I crawled into bed beside her and wept for my dead friend and all the others who didn't make this far.
It has been a month since I set that fire. Thomas, Rebecca, Denise, and Arnold all made the national news for a while; "The Four Brave Escapees", they were called. All of them have so far refused to give the name of the man who "rescued" them.
So far no one has discovered the bus and trailer, so the bodies are still in that mine, rotting away. The thought makes me smile.
Tanya thinks she might be pregnant. She's seeing her doctor in a couple of days to confirm what we both already know. I have applied for an adjunct faculty position with the English department, and it's looking good; my second interview, this time with the department chair, is on the same day as Tanya's doctor's appointment. I hope at day's end that we will both have good news for each other.

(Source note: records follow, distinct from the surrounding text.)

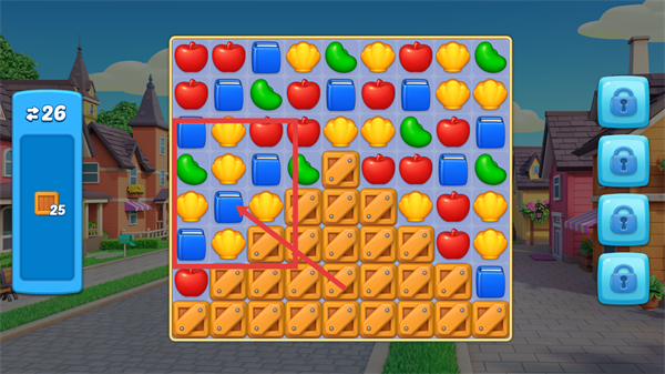2、注意【【蘋果】的位置,合理移動消除以積累目標(biāo)物品,剩余步數(shù)內(nèi)完成收集可獲獎勵。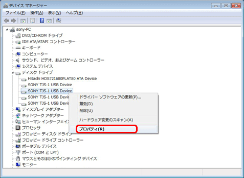 [ SONY TJS-1 USB Device ] の1つを右クリックして、 [ プロパティ ] を選択します。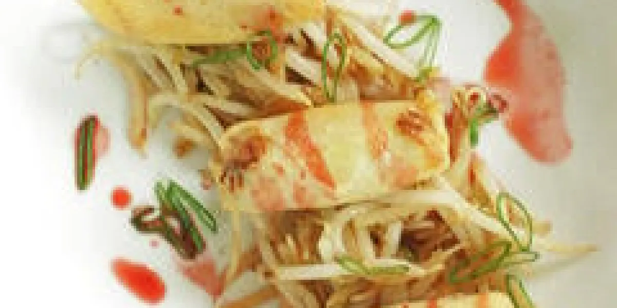 Filet de canard rôti aux pêches, subric d’épinards et pommes boulangères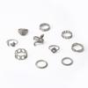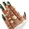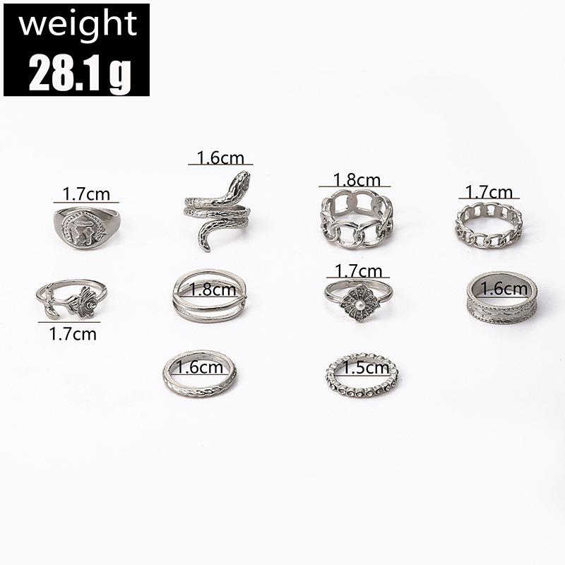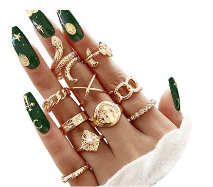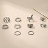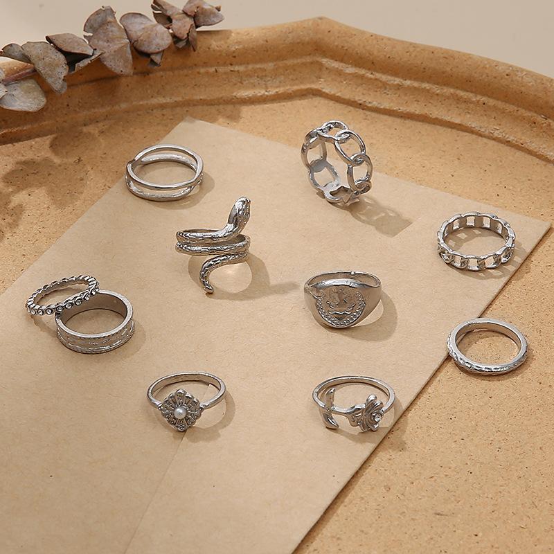 Conjunto de 10 anillos de serpiente con diseño de mariposa y luna de diamante retro con elementos metálicos de cadena transfronteriza europea y americana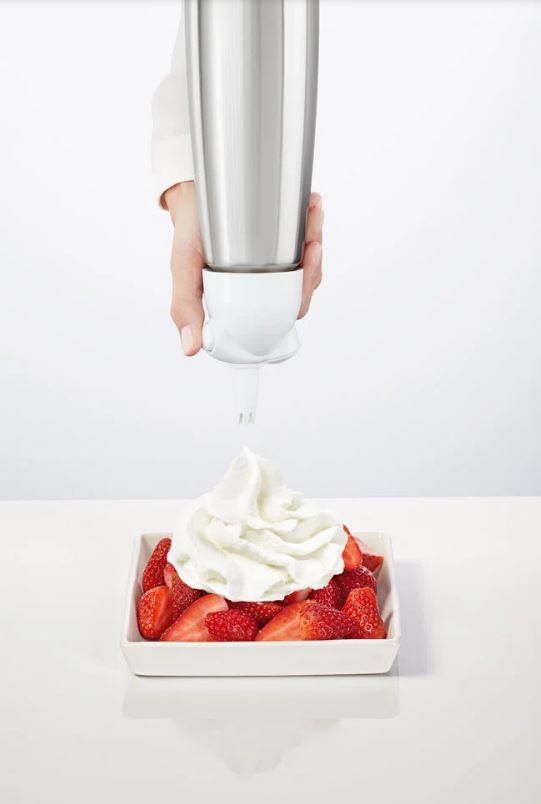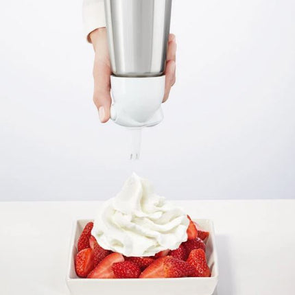 For easy preparation of fresh, pure whipped cream. Ready in just a few seconds and can be kept in the refrigerator for up to 10 days.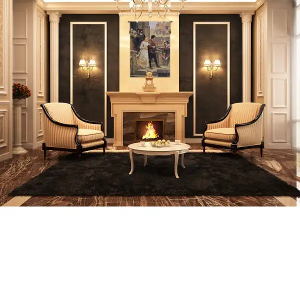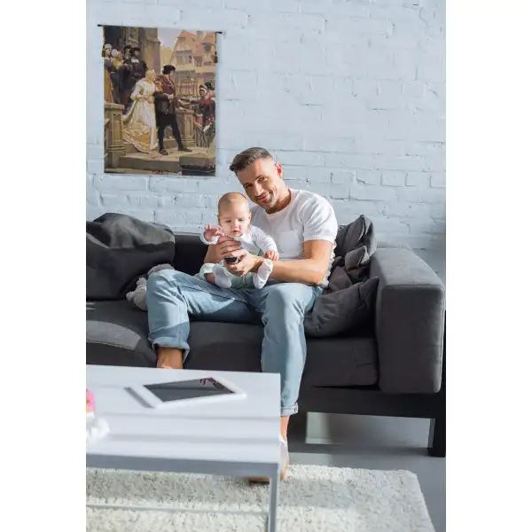 God Speed is a Belgian jacquard wall tapestry depicting the 1900 painting by Edmund Blair Leighton (1853-1922). His works show a great beauty and a romanticized view of life in the Middle Ages. In this scene we see the prince and his bride emerging from the church. The sudden change is seen in the faces of all the paintings subjects as the groom interacts with an approaching knight in armor. This tapestry, like Leighton's other works, displays a realist approach coupled with a feeling of romanticism.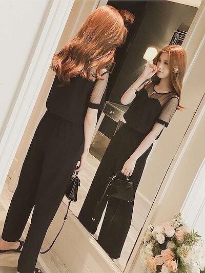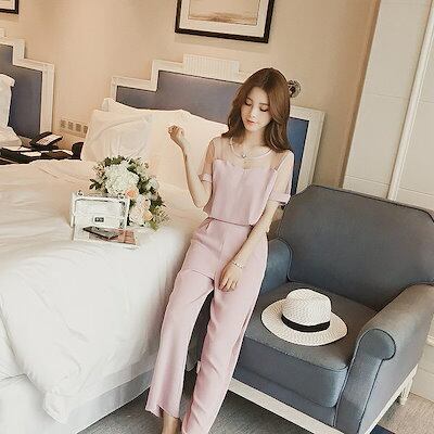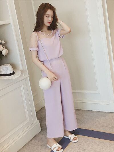レディース サロペット 透け感 透け素材 オールインワン オーバーオール ワイドレッグパンツ ボトムス カジュアル 可愛い フェミニン おしゃれ お出かけ デイリー 普段着 春 夏 パープル ブ

Speculation as to the nature of what happened in the "Woodstock House" (as the news media has named it) remains just that; although the remains of dozens of bodies were removed from the debris, the damage to the house itself—which had been all but razed—has thus far prevented forensics experts to form any solid conclusions; all they know for certain is that several children may have died or been murdered in the house. The tabloids are going nuts with it, but not many have tried to get on-scene. There's nothing left.
I distract too easily these days; if we pass a car on the road and I see a crying child with their face peering out at me from the window, my first thought is always: They're scared to death and need help; if I see a kid in a store struggling to pull away from the adult who's got hold of them, I immediately wonder if they've only moments ago been snatched away from their mom or dad or other family member; if I hear a child yell or scream in the evening when our street is filled with children at play, it never occurs to me that the sound might just be one of glee or excitement or good-natured Let's-Scare-So-and-So because they're such a wuss—no, in my ears it is the sound of a terrified, helpless child being yanked into a stranger's car and shrieking for someone they love to come save them, please, please, Mommy, Daddy, somebody, anybody please help me.